- About this task
The result should be an exact copy of only the lines from the one holding "한국소통투데이 관리자 기자" through the last line of the data below, please, without pictures.

- Supplied entries
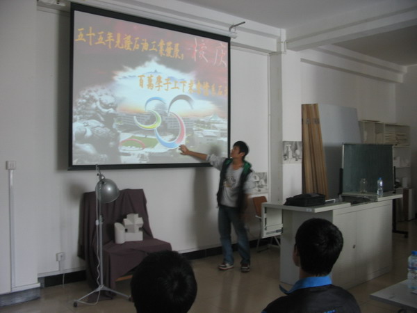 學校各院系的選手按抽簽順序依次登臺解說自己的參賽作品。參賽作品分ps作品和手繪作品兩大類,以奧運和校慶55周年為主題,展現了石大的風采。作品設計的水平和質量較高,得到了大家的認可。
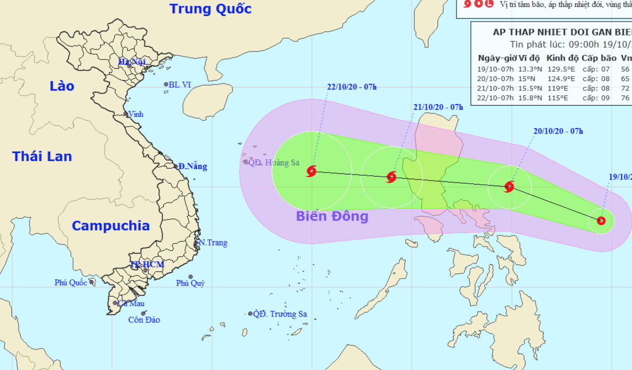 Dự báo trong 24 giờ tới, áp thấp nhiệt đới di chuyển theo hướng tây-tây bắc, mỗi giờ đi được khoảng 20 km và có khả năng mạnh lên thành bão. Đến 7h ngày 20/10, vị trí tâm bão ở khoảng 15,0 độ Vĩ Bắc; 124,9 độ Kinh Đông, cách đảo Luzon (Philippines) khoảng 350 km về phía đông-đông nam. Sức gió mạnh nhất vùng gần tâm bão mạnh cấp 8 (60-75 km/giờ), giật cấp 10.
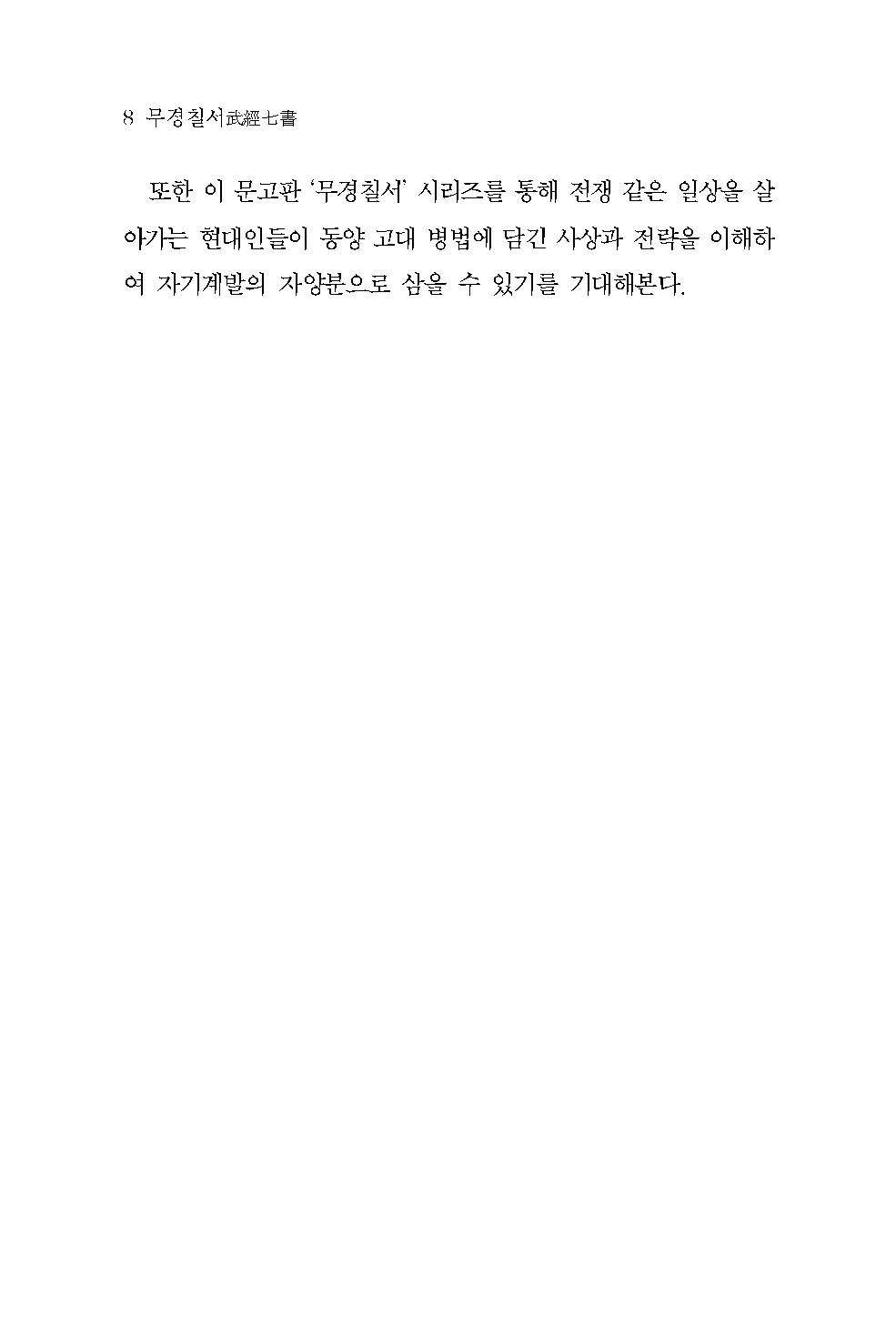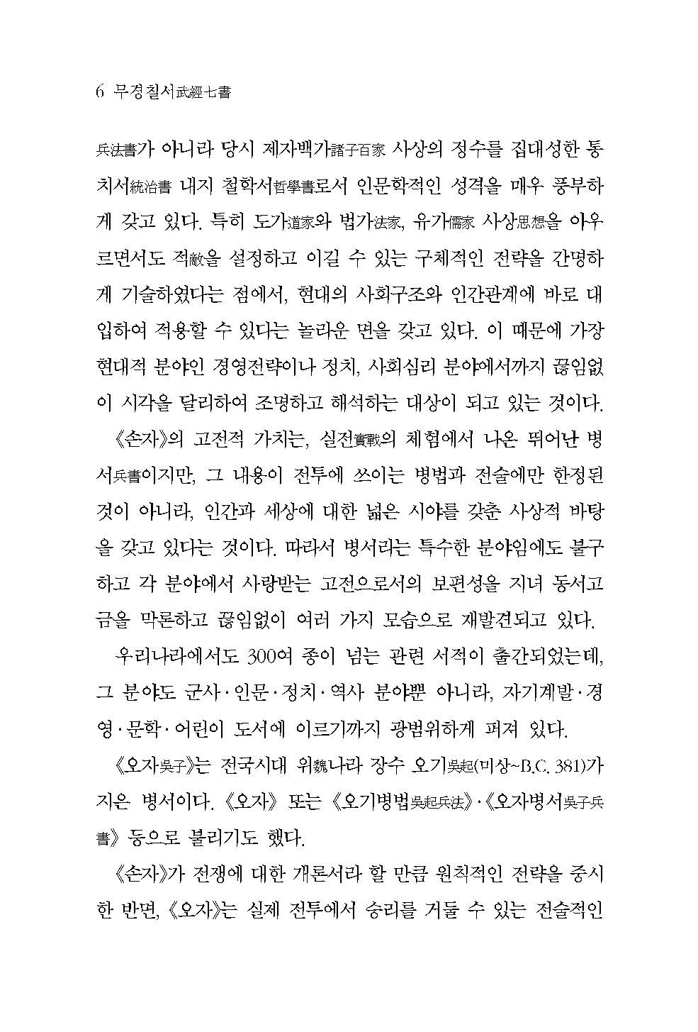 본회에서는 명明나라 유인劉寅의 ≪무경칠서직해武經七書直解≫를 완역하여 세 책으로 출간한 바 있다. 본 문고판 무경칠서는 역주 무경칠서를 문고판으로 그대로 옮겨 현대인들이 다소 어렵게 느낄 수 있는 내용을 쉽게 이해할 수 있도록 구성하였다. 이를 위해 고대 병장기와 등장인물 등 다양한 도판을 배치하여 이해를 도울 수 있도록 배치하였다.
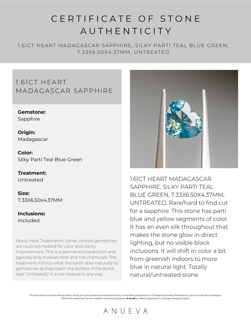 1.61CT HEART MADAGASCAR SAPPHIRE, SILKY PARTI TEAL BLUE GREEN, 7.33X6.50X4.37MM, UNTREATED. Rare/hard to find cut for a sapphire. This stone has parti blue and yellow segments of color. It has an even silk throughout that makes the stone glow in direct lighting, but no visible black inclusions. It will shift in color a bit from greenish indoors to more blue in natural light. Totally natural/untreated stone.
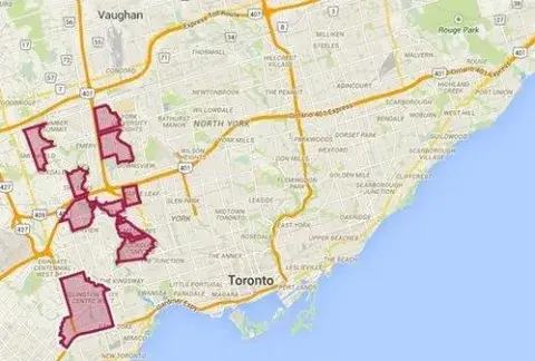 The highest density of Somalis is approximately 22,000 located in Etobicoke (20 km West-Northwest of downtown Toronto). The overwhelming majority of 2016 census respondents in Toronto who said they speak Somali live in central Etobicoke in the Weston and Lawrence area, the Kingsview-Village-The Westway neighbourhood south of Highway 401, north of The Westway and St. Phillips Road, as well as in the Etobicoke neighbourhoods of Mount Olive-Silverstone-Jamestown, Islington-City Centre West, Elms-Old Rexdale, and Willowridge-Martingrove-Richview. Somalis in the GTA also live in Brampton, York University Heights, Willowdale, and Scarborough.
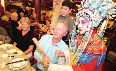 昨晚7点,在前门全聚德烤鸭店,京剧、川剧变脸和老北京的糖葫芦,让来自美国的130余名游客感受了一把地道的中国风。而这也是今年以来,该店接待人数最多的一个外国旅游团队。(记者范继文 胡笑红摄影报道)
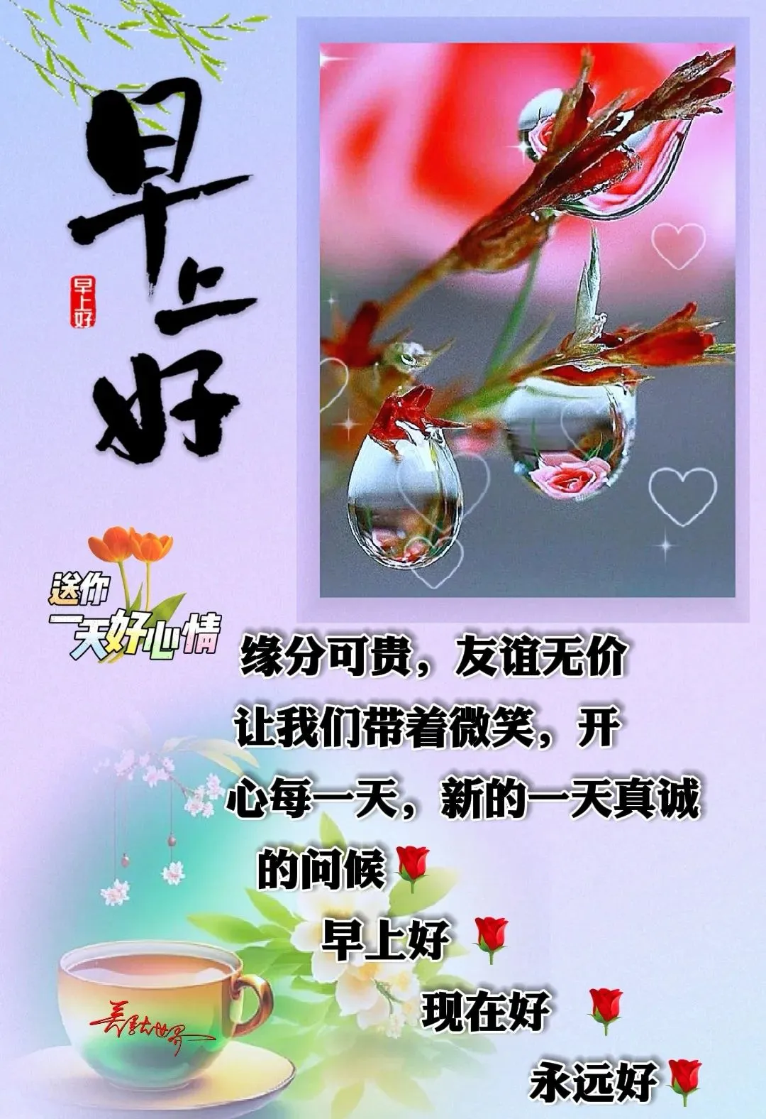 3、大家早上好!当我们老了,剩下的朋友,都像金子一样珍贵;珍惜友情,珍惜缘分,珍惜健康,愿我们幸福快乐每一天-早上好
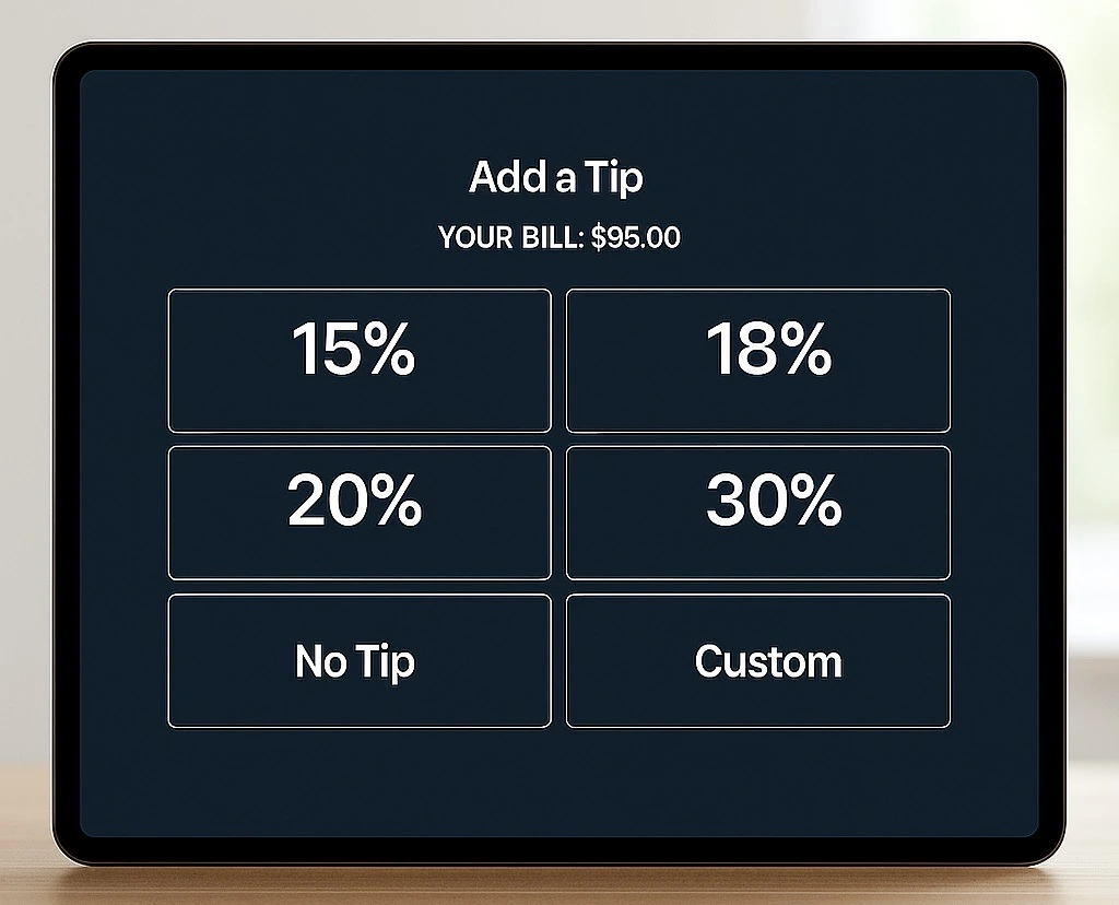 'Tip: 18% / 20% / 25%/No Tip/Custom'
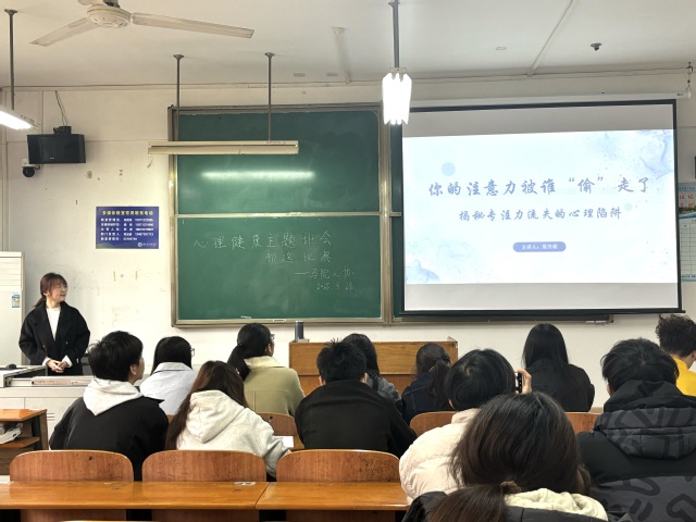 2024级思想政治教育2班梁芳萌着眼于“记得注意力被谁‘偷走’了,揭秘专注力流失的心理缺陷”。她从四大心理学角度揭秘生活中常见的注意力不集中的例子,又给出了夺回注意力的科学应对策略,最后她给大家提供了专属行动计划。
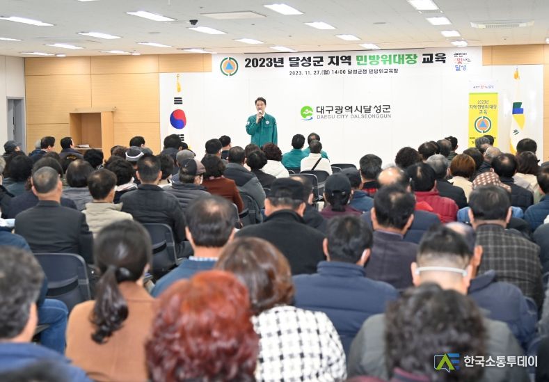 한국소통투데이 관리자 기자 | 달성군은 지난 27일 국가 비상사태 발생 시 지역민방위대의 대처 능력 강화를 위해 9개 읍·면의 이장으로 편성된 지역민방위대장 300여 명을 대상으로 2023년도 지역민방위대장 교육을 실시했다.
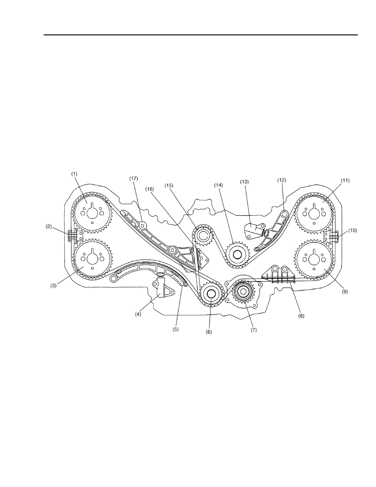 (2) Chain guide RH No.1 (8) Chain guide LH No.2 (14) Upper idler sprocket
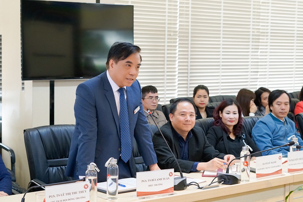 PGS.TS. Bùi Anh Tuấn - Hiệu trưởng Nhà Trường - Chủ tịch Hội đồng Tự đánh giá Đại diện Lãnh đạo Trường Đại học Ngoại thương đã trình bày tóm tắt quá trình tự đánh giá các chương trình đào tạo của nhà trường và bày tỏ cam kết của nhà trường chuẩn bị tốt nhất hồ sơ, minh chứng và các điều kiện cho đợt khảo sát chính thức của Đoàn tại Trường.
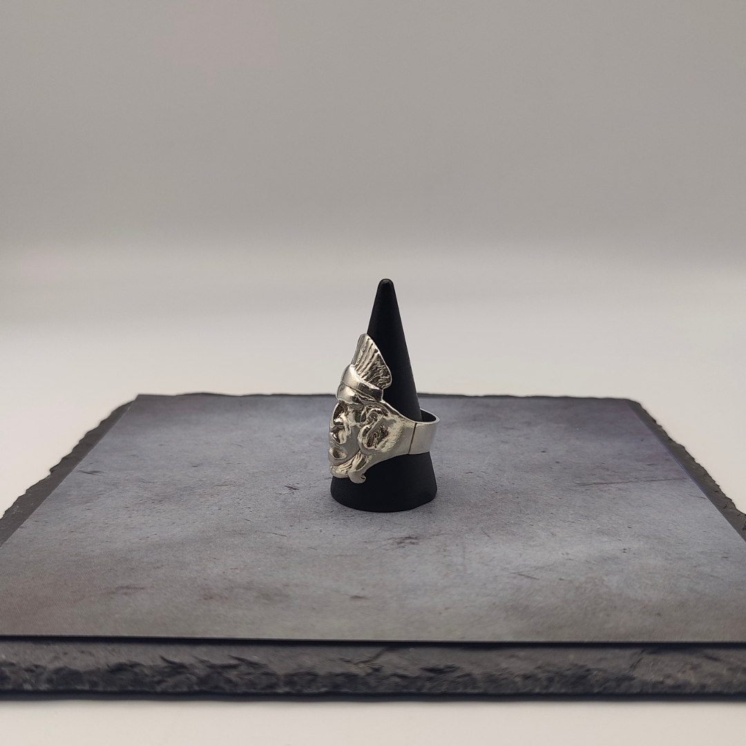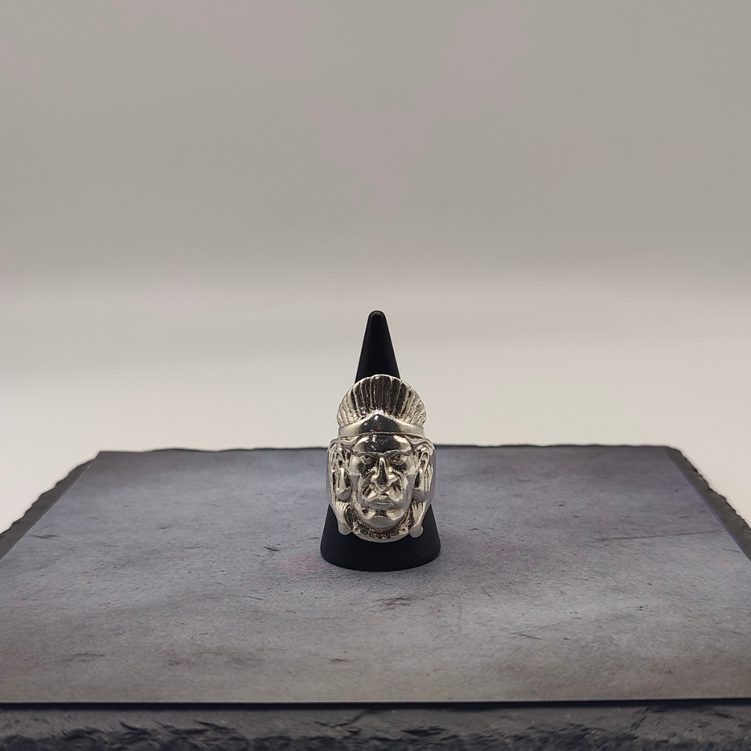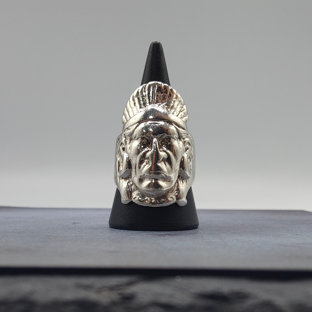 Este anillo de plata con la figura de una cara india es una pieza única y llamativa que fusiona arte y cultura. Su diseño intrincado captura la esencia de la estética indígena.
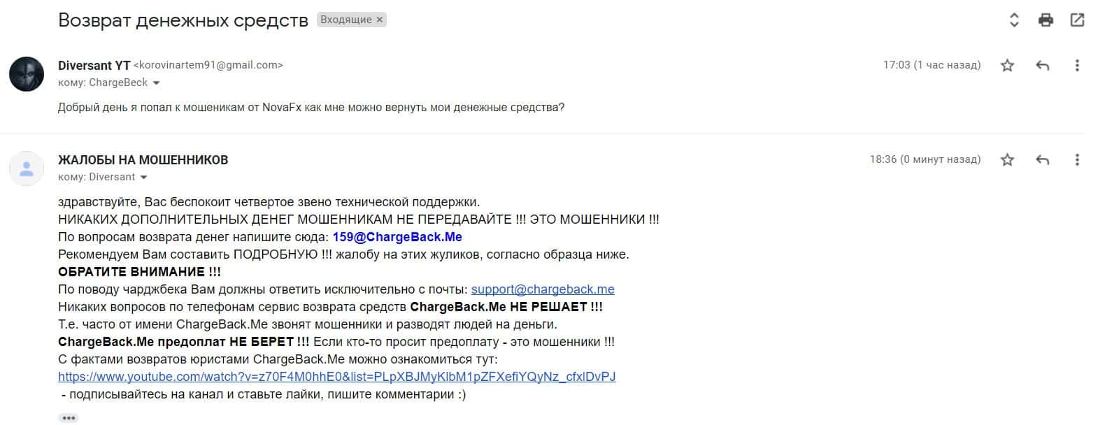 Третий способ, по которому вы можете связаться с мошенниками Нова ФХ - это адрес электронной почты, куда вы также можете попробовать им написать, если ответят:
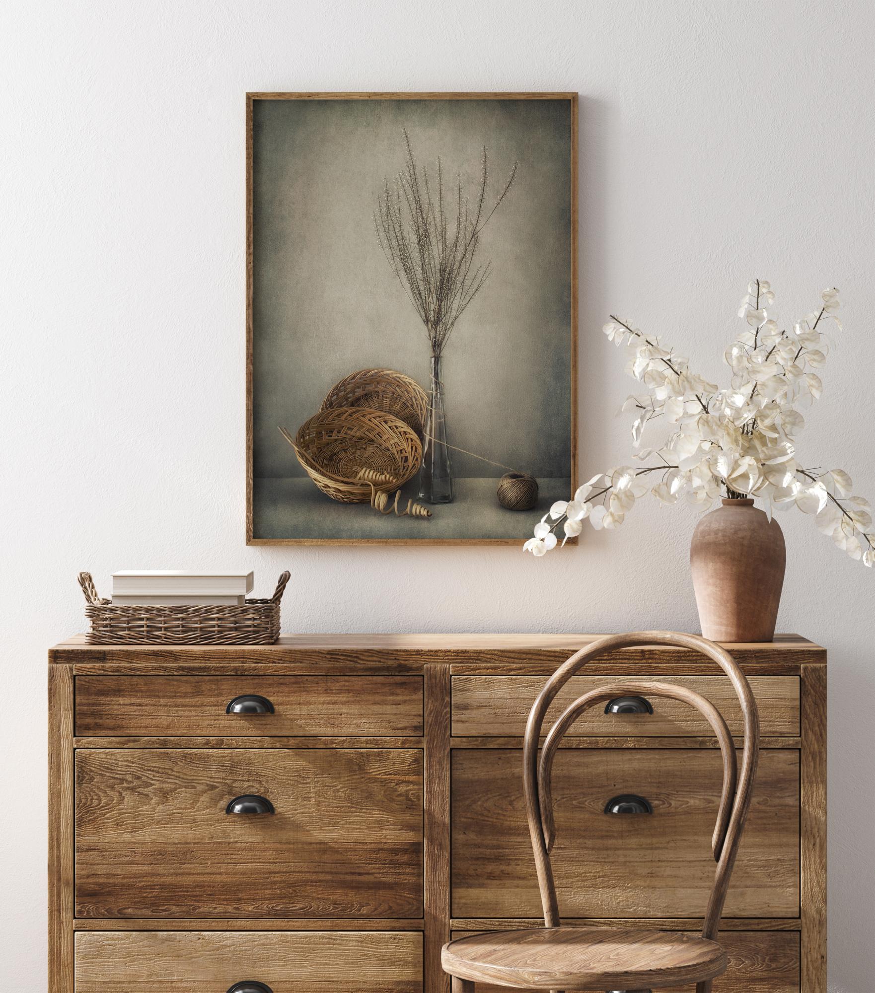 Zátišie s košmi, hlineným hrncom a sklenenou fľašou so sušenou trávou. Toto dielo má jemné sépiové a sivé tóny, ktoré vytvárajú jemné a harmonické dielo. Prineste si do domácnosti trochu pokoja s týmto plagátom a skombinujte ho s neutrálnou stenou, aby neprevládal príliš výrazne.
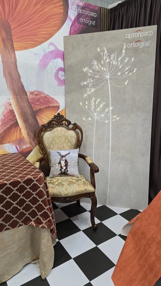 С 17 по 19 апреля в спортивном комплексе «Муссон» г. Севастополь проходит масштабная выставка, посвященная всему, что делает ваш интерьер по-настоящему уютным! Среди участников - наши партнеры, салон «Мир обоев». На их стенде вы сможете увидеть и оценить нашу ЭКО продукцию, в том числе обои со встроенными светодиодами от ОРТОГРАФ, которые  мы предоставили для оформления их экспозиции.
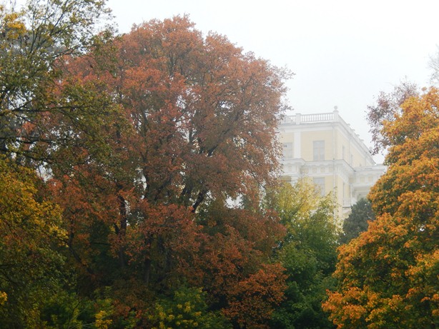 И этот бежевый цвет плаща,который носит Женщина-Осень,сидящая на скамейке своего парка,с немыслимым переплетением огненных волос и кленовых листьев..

- Response area
 한국소통투데이 관리자 기자 | 달성군은 지난 27일 국가 비상사태 발생 시 지역민방위대의 대처 능력 강화를 위해 9개 읍·면의 이장으로 편성된 지역민방위대장 300여 명을 대상으로 2023년도 지역민방위대장 교육을 실시했다.
 (2) Chain guide RH No.1 (8) Chain guide LH No.2 (14) Upper idler sprocket
 PGS.TS. Bùi Anh Tuấn - Hiệu trưởng Nhà Trường - Chủ tịch Hội đồng Tự đánh giá Đại diện Lãnh đạo Trường Đại học Ngoại thương đã trình bày tóm tắt quá trình tự đánh giá các chương trình đào tạo của nhà trường và bày tỏ cam kết của nhà trường chuẩn bị tốt nhất hồ sơ, minh chứng và các điều kiện cho đợt khảo sát chính thức của Đoàn tại Trường.
 Este anillo de plata con la figura de una cara india es una pieza única y llamativa que fusiona arte y cultura. Su diseño intrincado captura la esencia de la estética indígena.
 Третий способ, по которому вы можете связаться с мошенниками Нова ФХ - это адрес электронной почты, куда вы также можете попробовать им написать, если ответят:
 Zátišie s košmi, hlineným hrncom a sklenenou fľašou so sušenou trávou. Toto dielo má jemné sépiové a sivé tóny, ktoré vytvárajú jemné a harmonické dielo. Prineste si do domácnosti trochu pokoja s týmto plagátom a skombinujte ho s neutrálnou stenou, aby neprevládal príliš výrazne.
 С 17 по 19 апреля в спортивном комплексе «Муссон» г. Севастополь проходит масштабная выставка, посвященная всему, что делает ваш интерьер по-настоящему уютным! Среди участников - наши партнеры, салон «Мир обоев». На их стенде вы сможете увидеть и оценить нашу ЭКО продукцию, в том числе обои со встроенными светодиодами от ОРТОГРАФ, которые  мы предоставили для оформления их экспозиции.
 И этот бежевый цвет плаща,который носит Женщина-Осень,сидящая на скамейке своего парка,с немыслимым переплетением огненных волос и кленовых листьев..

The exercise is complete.